Spinoza, following the ancients, had a broader notion of logic than what is current in academic circles. Now it refers to a highly sophisticated and technical discipline of constructing sound arguments and judging them. Spinoza imagined something more fundamental than this: a method that would set the mind on a secure course leading to the discovery of truth. This was also a central theme of the scientific revolution, for, it was asked, how can new knowledge be found, unless the mind is capable or fit to find it?
Among Spinoza’s literary remains, there is a work, perhaps his earliest work, which is devoted to this task. He entitled it Tractatus de Intellectus Emendatione, or Treatise on Reforming the Intellect, or How to Improve your Mind in the search for Truth. It is unfinished, youthfully ambitious, and very interesting.
Spinoza imagined himself at a crossroads in life having to choose which road to follow. He considered the usual options: wealth, honor, pleasure, to which he added another — truth.
He rejected the first three. Neither one of them, nor even all of them together, could bring lasting happiness. Only the last could ensure it, for, he imagined that the search for truth culminates in the truth of all truths, which is of eternal and infinite value, “an eternal and infinite thing that feeds the mind with a joy entirely exempt from sadness.”

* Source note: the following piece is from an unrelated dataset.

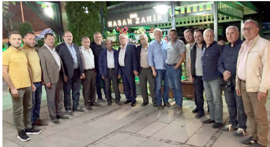
Toplantıyı Çorum Kömür ve Odun Satıcıları Yardımlaşma Derneği düzenledi.

Çorum Kömür ve Odun Satıcıları Yardımlaşma Derneği üyeleri, organize edilen yemekte bir araya geldiler.

He did not entirely give up on the other three, for everyday existence depends on them. He would seek modest wealth, enough on which to live, and he would welcome innocent pleasures, especially friendship. As for honor, he would try to live a respectable life. And, in fact, this is just the sort of life that Spinoza lived.
But how do we discover this ultimate truth? Spinoza’s answer is by having true ideas — remember he is a rationalist, and recall the straight line: We can be certain that a line is straight if and only if it is the shortest distance between two points. And our certainty that this is so depends merely on our having a true idea of a straight line. But this is not the truth of all truths. I am reminded of a remark of Hegel, when he embarked on a similar project: “the truth is a whole in the form of a system.”
This applies to Spinoza perfectly.
He imagined that acquiring ideas is like exercising the body. The mind becomes more fit the more it acquires ideas and systematically arranges them, first of abstract things like lines and planes and solids, and further by acquiring ideas of natural things, and artificial things, for nothing we humans invent or manufacture is altogether outside of nature. And all of this leads to the all-encompassing idea of Nature itself, which represents also power of existence, and is, accordingly, the Idea of ideas, and the Truth of all truths, like Aristotle’s universe.
But what makes any idea true? Spinoza falls back on Aristotle. Remember, Aristotle supposed that the world consists of particular things. A true idea of a thing is just the idea of “what it is to be that thing,” which enables us to distinguish one thing from another, not to confuse them. This true idea of a thing is the product of experience, of observing and comparing, whereby we gradually approximate the complete idea of the thing. We call this idea the essence of the thing; it consists of the attributes or properties of anything by which it is itself and not another. This conformity of an idea with its object makes it true.
But how do we reach this goal? Let’s begin at the beginning. Spinoza writes that the first and most immediate object of the mind is a body, not just any body, or anybody’s body, but one’s very own body, a claim that is easy to verify. If we think of knowing not as a reflective state but as an activity, a kind of mastery, and as organic, we can find evidences of it in the behavior of all animals.
Watch any squirrel leap from branch to branch, or rabbits frolicking in a field, or athletes performing amazing feats with their bodies: running, jumping, avoiding a blocker, batting a ball, pitching, or running to make a catch, and in every instance knowing what their bodies can do and guiding them expertly.
All of these animals know their own bodies completely, not in a cerebral way, but as instruments; their corporeal knowledge is evident in all of their movements. You can confirm this in yourself. If you are sitting, stand up; if standing, start walking or running; descend a flight of stairs, balance yourself on one leg, or go jump in a lake. It’s true, that in dreams, we often seem to lack corporeal sensitivity, we move about without feeling, like ghosts, which is why we call it dreaming.
Scientific knowledge is the end product of a process that begins by drawing this intuitive knowing into consciousness, through observation and comparison of events, and experimentation, interspersed by a sequence of hypotheses, classification of results, generalization and quantification, none of which would be possible if we lacked the first kind of organic knowledge, if we were not born with corporeal knowledge, if we did not know from the very beginning of our lives.
But this knowledge of ourselves, which is an immediate feeling that matures into an idea, is just the beginning of knowledge; we move on to other things, particular and general, concrete and abstract, for observation teaches us that things do not stand alone; things depend on each other, and so we press on until, forming new and more comprehensive ideas of things we reach “that idea which represents the source and origin of the whole of Nature,” which is Nature itself and in which all else inheres.
Incidentally, Spinoza also suggests that the stronger our minds become in knowing things, the more our capacity for self-control and self-direction increases also, and the more self-dependent we become, the happier we are.
So, what is the truth that the idea of nature encompasses? I will conclude this essay with a very brief summary of an answer.
Nature is the only substance, the only independently existing thing; it is the “cause of itself,” a thing “whose nature cannot be conceived except as existing;” the only particular that does not depend on any other particular, because all other particular things that we encounter depend upon it, proceed from it, inhere in it, and are conceived through it. Everything is a part of nature.